Stanford finished in 29:36 with a 4 seconds margin of victory over Laura Lindemann of Germany and 6 seconds over 3rd place finisher Kirsten Kasper of the United States.
One second later, Clair Michel of Belgium took 4th, 5 seconds further back in 5th place was Chelsea Burns of the U.S, and 5 seconds after that was 6th place Sophie Coldwell of Great Britain.
2 of 2 photos
Getting off to a great start in his World Cup debut, Matthew Hauser of Australia won the pro men’s division of the Chengdu ITU Triathlon World Cup Final by a 2 seconds margin over runner-up Rostislav Pevtsov of Azerbaijan and 4 seconds over 3rd place Luke Willian of Australia.
Hauser’s path to victory started with a 6th place finish in his Saturday semifinal heat on a standard 750 meter swim, 20 kilometer bike leg and 5 kilometer run - which qualified him for Sunday’s final.

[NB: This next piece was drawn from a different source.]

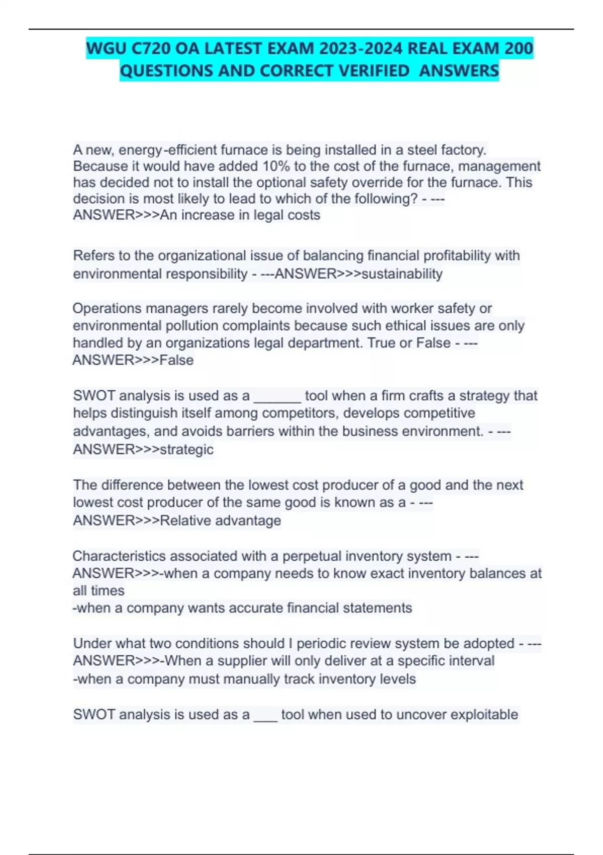 wgu c720 oa latest exam real exam 200 q

As configured, the top 9 men in each of the three semifinal heats plus 3 men with the next fastest times qualified for the 30-man final.
In the Sunday A final, Alois Knabl of Austria led the 400-meter swim in 4:41 with WTS swim master Richard Varga of Slovakia one second behind and Hauser right on their heels in 4:43.
The 10 kilometer bike leg did nothing to separate the men as 29 of the 30 starters arrived in a mass pack as Hungary’s Gabor Faldum and Luxembourg’s Bob Haller led the field out on the run. On his way to a race-best 7:01 split for the single 2.5-kilkometer lap, Hauser quickly commandeered the lead and held it to the finish in a time of 26:46.
“I knew I conserved a lot of energy yesterday in the heats and just did what I could to get to the final," Hauser told ITU media. "I knew it was always going to be a running race today, so I tried to conserve on the swim and bike and save it for the run and I managed to execute the processes right.”
Rostislav Pevtsov of Azerbaijan ran a second-fastest 7:02 split to secure the runner up slot, 2 seconds behind Hauser. Luke Willian of Australia ran a 3rd-best 7:04 to take the final spot on the podium, 2 seconds behind Pevtsov.